Dans cette nouvelle étude, les chercheurs ont entrepris d’examiner de plus près le locus SIRT6 dans une population de centenaires ; celle-ci se composait de 496 centenaires juifs ashkénazes et 572 juifs ashkénazes sans antécédents familiaux de longévité exceptionnelle (groupe témoin). Ils ont ainsi identifié deux nouveaux variants de SIRT6 : l’un d’eux, nommé centSIRT6, affiche des capacités accrues par rapport au gène commun. Cette variante génétique était portée par 1% des centenaires sélectionnés. Mais en examinant une base de données de 150 000 personnes d’origines ethniques diverses, les chercheurs se sont aperçus que les personnes vivant plus longtemps étaient plus susceptibles de posséder ce variant centSIRT6.
Une action anti-tumorale plus robuste
Les chercheurs rapportent une amélioration de la réparation de l’ADN et une suppression accrue des éléments transposables, ainsi qu’une résistance au stress oxydatif. De plus, l’allèle centSIRT6 s’est montré plus efficace pour tuer les cellules cancéreuses. Pour évaluer la capacité de destruction des cellules tumorales de l’allèle centSIRT6, les chercheurs ont transfecté les allèles SIRT6 dans deux lignées cellulaires tumorales communes.
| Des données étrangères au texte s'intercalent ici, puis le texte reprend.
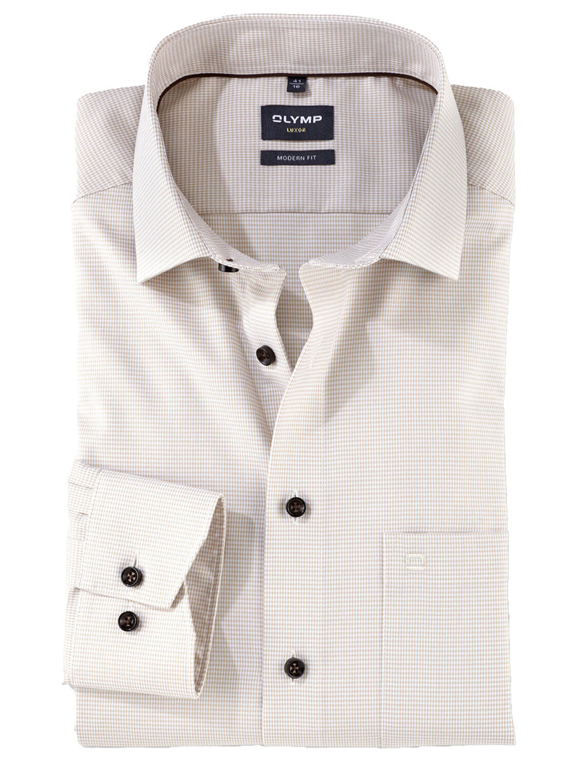 Faux-Plain-Strukturen überzeugen durch ihre intensive Uni-Wirkung und offenbaren auf den ersten Blick eine besonders feine, leicht changierende Webart, die diesem OLYMP Luxor eine moderne, elegante Optik verleiht. Mit körpernaher Schnittführung, kosmopolitischem Kent-Kragen und zeitsparender Bügelfrei-Funktionalität.

Résultat : l’expression de centSIRT6 a entraîné environ 2 fois moins de cellules survivantes et a déclenché des niveaux d’apoptose au moins 2 fois plus élevés dans les deux lignées cellulaires cancéreuses par rapport au SIRT6 commun, suggérant que son action anti-tumorale est bien plus robuste.
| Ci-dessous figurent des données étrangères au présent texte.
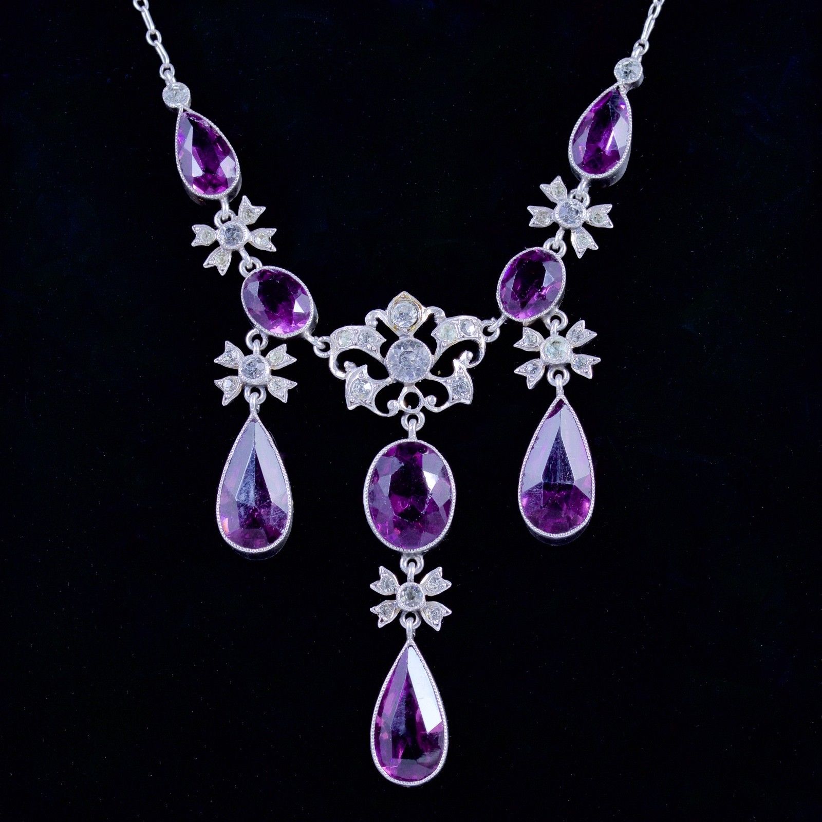 Antique Victorian Purple White Paste Stone Necklace Silver c.1900

D’un point de vue fonctionnel, l’équipe a noté que cet allèle présentait également une interaction renforcée avec LMNA. Mais ce n’est pas tout : il améliore aussi l’interaction de LMNA avec plusieurs autres protéines, qui sont toutes impliquées dans la coordination de la réponse aux dommages de l’ADN. En conclusion, cette nouvelle variante rare de SIRT6 confère des effets bénéfiques à la fonction de la protéine SIRT6.
Les chercheurs soulignent que c’est assez surprenant, car les variantes génétiques rares sont habituellement plus susceptibles d’être délétères que bénéfiques et sont souvent associées à des maladies humaines. La seule autre mutation humaine codant pour SIRT6, qui avait été caractérisée fonctionnellement, conduit d’ailleurs à la létalité embryonnaire. Il avait déjà été prouvé qu’une surexpression de SIRT6 augmentait la durée de vie des souris et des drosophiles. Il apparaît aujourd’hui qu’une activité accrue de SIRT6 profite également à l’Homme. « Je pense qu’avec toutes ces preuves réunies, il est très probable que cette variante contribue à une durée de vie plus longue », a déclaré Vera Gorbunova au New Scientist.
Ces résultats pourraient ouvrir la voie au développement d’un nouveau type de médicament anti-âge, qui stimulerait l’activité de SIRT6. « S’ils peuvent être créés, de tels médicaments pourraient même être capables d’inverser le vieillissement dans une certaine mesure », a ajouté Gorbunova.